View with and without the main lights and observe any differences in behaviour.

  1. Cave abiotic conditions. Compare the light, temperature and humidity conditions inside and outside the cave. Which do you think has the greatest variation over the day and over the year?

  2. Roosting bat colony. This colony is now much depleted due to regular disturbance by groups of tourists. Estimate numbers and note the reaction to disturbance. can you see any young (clinging to their mother's fur)?

  3. Fecal analysis. Trying to identify the type of diet. Identification of insects from fragments in bat faeces is a difficult and highly skilled procedure. However we can assess the importance of Lepidoptera (moths and butterflies) in the bats’ diet by looking at the amount of wing scales in the faeces.

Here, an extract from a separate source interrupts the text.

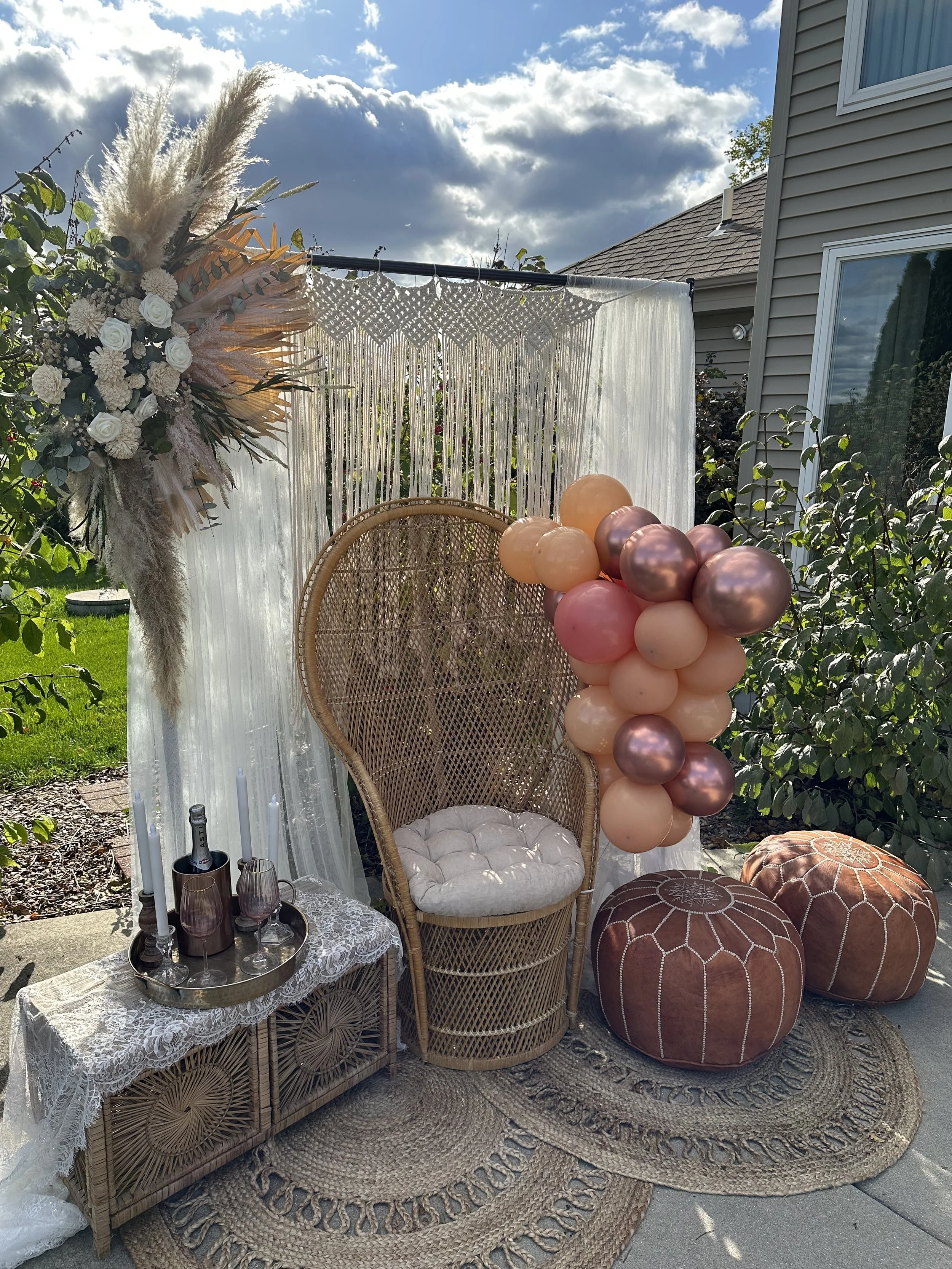 Peacock chair with balloons or pompass grass, curtains with macrame fringe, dry flower arrangement (fresh floral arrangement is an option),rugs, leather pouf and wicker chest. Perfect for bridal or baby showers!

  4. Observation of cave ecology. Search for invertebrates living in the cave. Describe, and photograph any findings. Numbers and type of invertebrates seen

At the main cave

Asian wrinkle lipped bats - these are insectivorous "free-tailed" bats

  1. The population of this bat colony is probably between 800,000 and 1 million individuals. How would you try to measure bat numbers?

  2. Predator numbers and species. Several raptors specialise in preying on bats. These include sparrow hawks, buzzards and barn owls. there is also a "bat-hawk" but it's range is supposed to be limited to peninsular Thailand. There is also a specialist bat eating snake called Ridley's cave racer (or Beauty rat snake)

  3. Analysis of bat flight patterns. Why do the bats leave the cave like this. What is the advantage to individual bats?

Can you construct a food web for the cave ecosystem? Where are the producers? What level are the bats on? What is the energy source for the crickets and beetles in the cave?